O bar de Zila
No bar de dona Zila (puta véia! Dizem carinhosamente os vizinhos) mulher negra, beirando os setenta anos, mas com vigor trabalhando à beira da rodovia o dia começa às seis da manhã e encerra a hora que bem entendem seus fregueses... Em alguns dias estende-se pela madrugada com dois velhotes bebericando cerveja no balcão e em outros dias encerra ao cair da noite sem arrecadar um único centavo.
Diz-se ainda, que o bar abriu antes mesmo de Morrinho do Norte se tornar cidade, quando já beirava esse momento, na verdade...
Nos dias de festejo no terreiro de Pai Louro, ali perto, o bar de Zila fecha as portas logo cedo e ela vira a noite no samba. Se precisar ela expulsa quem quer que esteja lá dentro.
Conta seu Cornélio, vizinho há tempos e o próprio pai Louro que os primeiros prefeitos fizeram às portas dela suas campanhas; em dias de festejo ela lhes mandou embora e baixou as portas sem pestanejar. Em outros momentos acolheu uma família de desabrigados que perdera a casa num mês de tanta chuva que o rio do toco transbordou, pai, mãe e filhos dormiam ali mesmo no salão do bar e nesse mês não se abriu a porta para freguês algum, não se vendeu uma gota de cravinho, uma mísera garrafa de cerveja quente.

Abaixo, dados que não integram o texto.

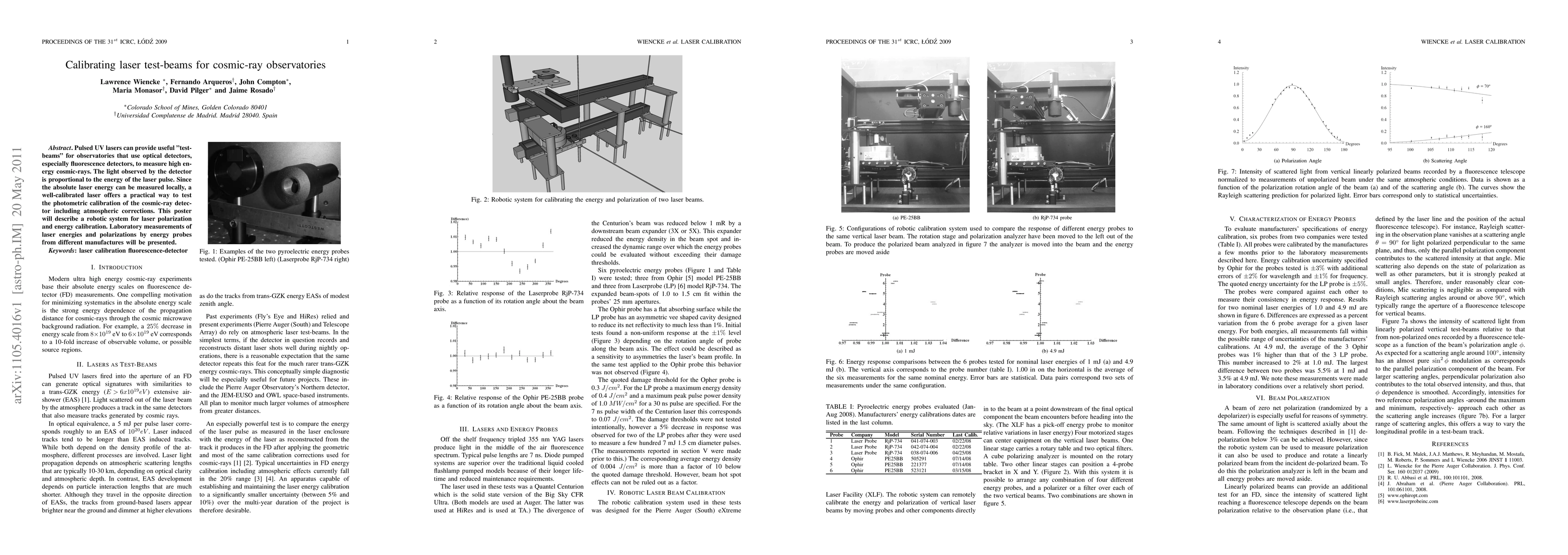 Pulsed UV lasers can provide useful "testbeams" for observatories that use optical detectors, especially fluorescence detectors, to measure high energy cosmic-rays. The light observed by the detector is proportional to the energy of the laser pulse. Since the absolute laser energy can be measured locally, a well-calibrated laser offers a practical way to test the photometric calibration of the cosmic-ray detector including atmospheric corrections. This poster will describe a robotic system for laser polarization and energy calibration. Laboratory measurements of laser energies and polarizations by energy probes from different manufactures will be presented
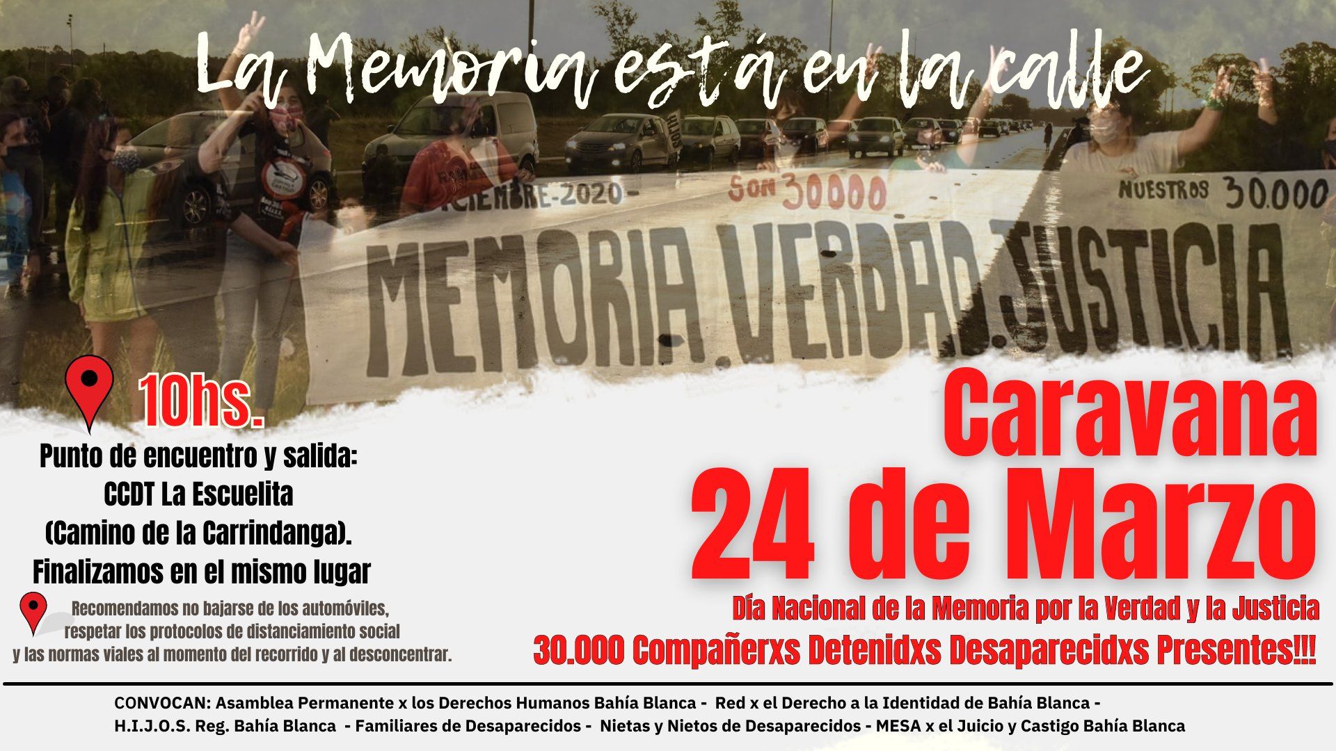 Organismos de DDHH de Bahía convocan a una caravana para el 24 de marzo

Em compensação o bairro inteiro se ajuntou para ajudá-los e também a ela.
Mas o bar de Zila é antes de tudo ambiente de respeito: não se entra sem camisa, não se fala palavrão, nada de bêbado alterado vagando e berrando, nada de balcão manchado de cerveja ou moscas enxameando as mesas, nada de putas sentadas às mesas ou gemendo nos fundos (puta ali só ela, no nome, apelido afetuoso do povo que a conhece), o banheiro está sempre limpo, não há poeira sob as garrafas de cachaça ou as pirogravuras na parede, o chão exala um leve odor de desinfetante, o aparelho de som não extrapola os limites...
Sozinha, nunca se casou, vive em Morrinho do Norte desde a época de distrito e sobre sua família pouco se sabe; somente que o pai lutou na Grande Guerra e voltou aleijado e demente. Sua mãe faleceu antes sequer dela chegar aos dez anos e sobre outros parentes... deve ter irmãos ou irmãs soltos como folhas ao vento ou mortos como folhas apodrecidas no chão. Não se sabe.
Nos fundos do barzinho numa casinha acanhada e mal acabada ela envelhece sem perder o brilho no olhar que a acompanha desde muito tempo. Sua preocupação maior é com o negócio e com os festejos vindouros no terreiro de Pai Louro, que com a benção de Oxóssi nunca demoram a chegar.